WHAT IS REQUIRED: All lines from the one that contains "Aurora follows Logan" through the close of the entries below are to be repeated exactly, without any pictures.

★ ★ ★ ★ ★

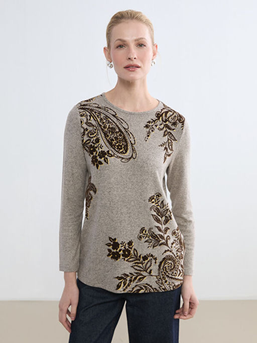 • Bisiklet Yaka Desenli Kad?n Ti??rt
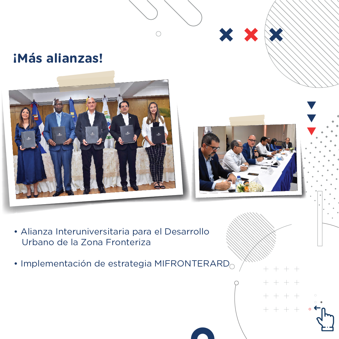 En un segundo aspecto, se conformó la Alianza Interuniversitaria para el Desarrollo Urbano de la Zona Fronteriza, a través del diseño urbano de las ciudades identificadas, el ordenamiento del territorio, el diseño de proyectos y la articulación Gobierno central – academia – ayuntamientos.
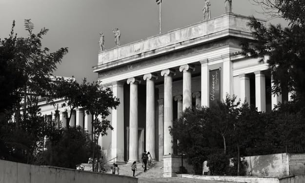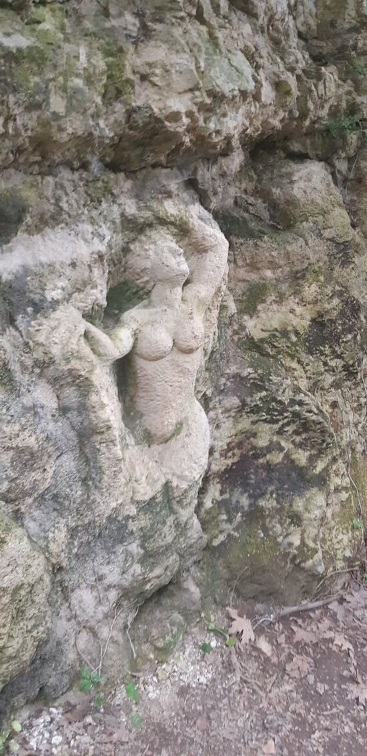 Aurora follows Logan into the grassy foot hills of Mount Ida. A cool wind blows down from the mountain, the wind moves the branches around them as they walk along the shallow waters of a river bed. A Great White Heron fishes while the singing of Goldfinches fills the air. They come to a stop at a fork. At the fork is an eroded statue of a female goddess who holds a snake in either hand.
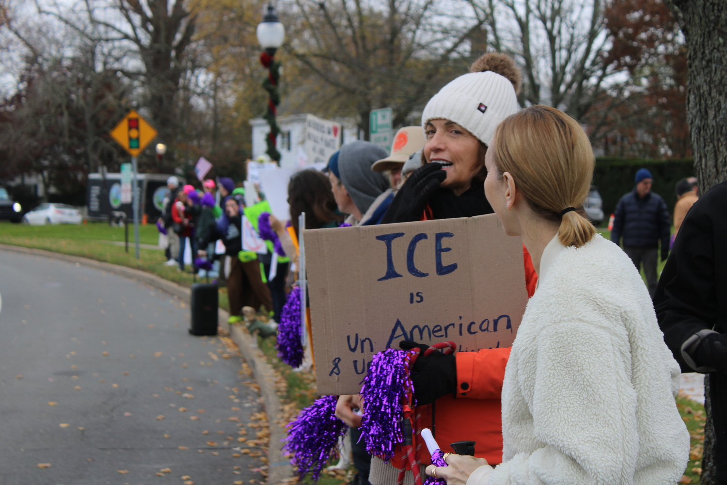 The latest demonstration over the presence of ICE on the East End took place at Hook Mill in East Hampton. JACK MOTZ
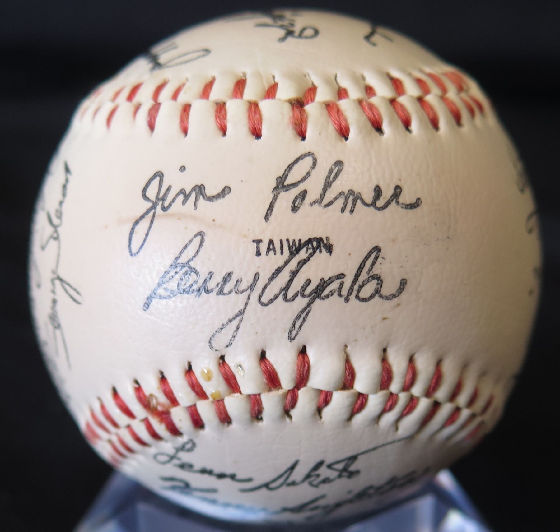Autographed Baseball: Signed Jim Palmer, Tim Stoddard & Others (Stand Not Included)
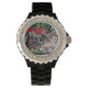 Schwarze Damen Email Strassuhr

★ ★ ★ ★ ★

RESULT OF THE EXERCISE:
 Aurora follows Logan into the grassy foot hills of Mount Ida. A cool wind blows down from the mountain, the wind moves the branches around them as they walk along the shallow waters of a river bed. A Great White Heron fishes while the singing of Goldfinches fills the air. They come to a stop at a fork. At the fork is an eroded statue of a female goddess who holds a snake in either hand.
 The latest demonstration over the presence of ICE on the East End took place at Hook Mill in East Hampton. JACK MOTZ
Autographed Baseball: Signed Jim Palmer, Tim Stoddard & Others (Stand Not Included)
 Schwarze Damen Email Strassuhr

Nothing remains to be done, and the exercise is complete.